Coronavirus has a series of crown-like spikes on its surface, which is the reason for the name.
Other well-known coronaviruses include severe acute respiratory syndrome (SARS) and Middle East respiratory syndrome (MERS).
The first SARS outbreak came in China between November 2002 and July 2003 which triggered 8,098 cases, resulting in 774 deaths reported in 17 countries.
MERS was first reported in Saudi Arabia in 2012 and has since spread to several other countries, including the United States.
Most people infected with MERS-CoV developed severe respiratory illness, including fever, cough, and shortness of breath. Many of them have died.

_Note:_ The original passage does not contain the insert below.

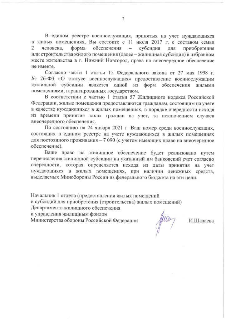 Добрый день! Я военный пенсионер, признан нуждающимся с июля 2017 года. Запросы в Департамент финансового планирования, департамент финансового обеспечения и департамент жилищного обеспечения отправил 10 января 2022 года после посещения вашего форума. Ответ получил 27 января. Ответ офигенный. Буду писать ещё раз уже в другой форме. Так мне и не ответили когда и в каком году обеспечат. Прикрепляю ответ из МО РФ. Разослал всем своим знакомым очередникам, чтобы не было иллюзий. Я за любой кипишь, готов писать куда угодно, терять уже нечего.
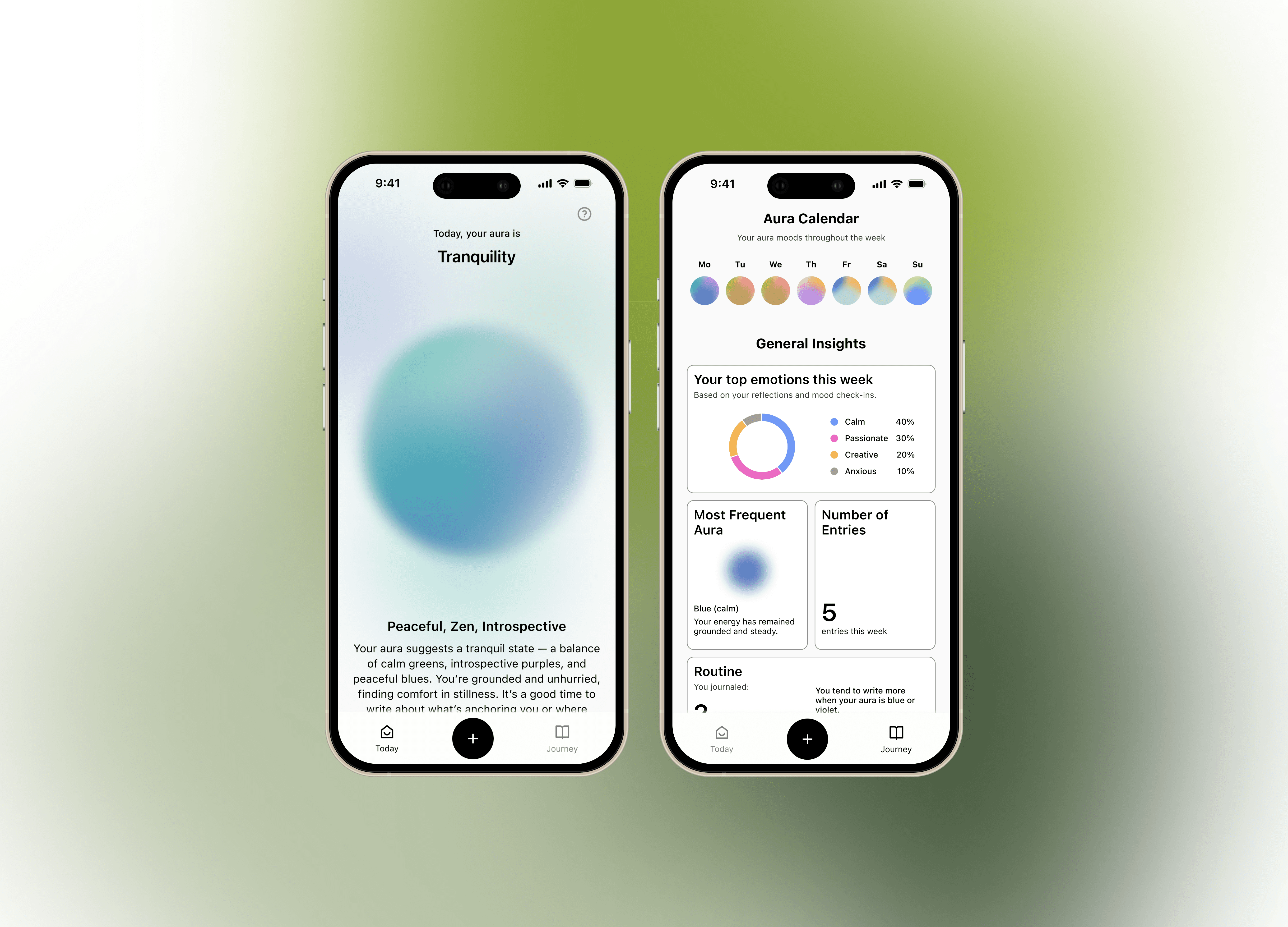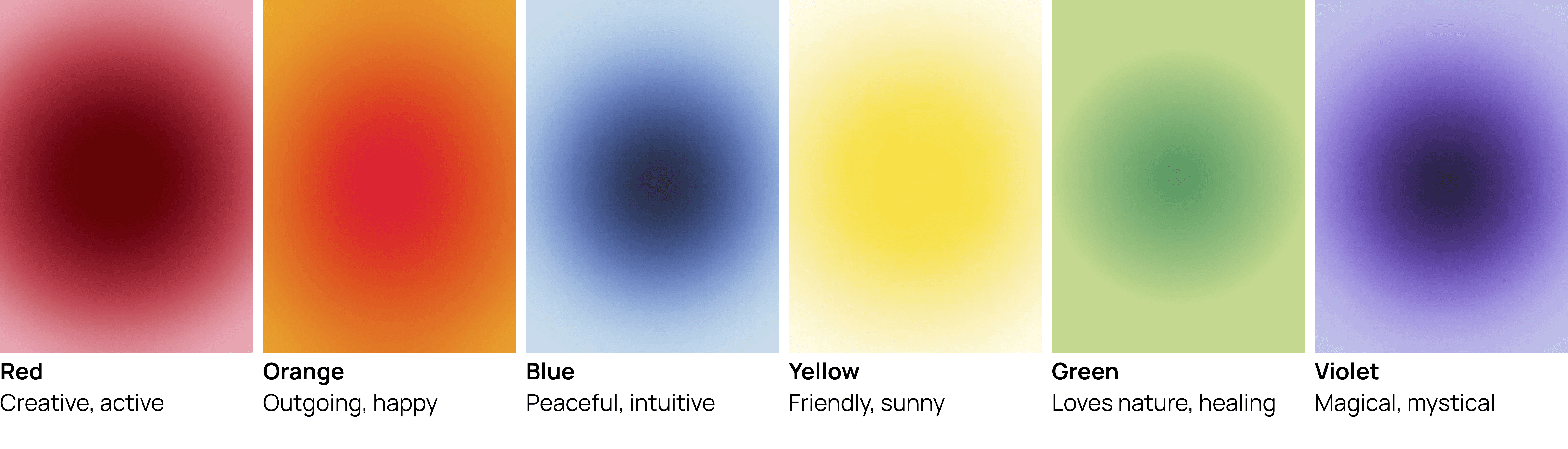 Haven’s emotional language is inspired by aura rings and aura photography, using colour as an intuitive way to express internal states. This approach is supported by colour psychology research, which suggests emotional responses to colour often occur before cognitive interpretation.

Dr Mike Ryan, head of WHO health emergencies programmes, said China had “a laser focus” on stopping the coronavirus outbreak.
He said: “We are at an important juncture in this event. We believe these chains of transmission can still be interrupted.
Referring to China he continued: “They are taking extraordinary measures in the face of what is an extraordinary challenge.”
The coronavirus has remained “remarkably stable”, according to Dr Ryan, a veteran of outbreaks including the SARS epidemic as well as Ebola outbreaks in West Africa.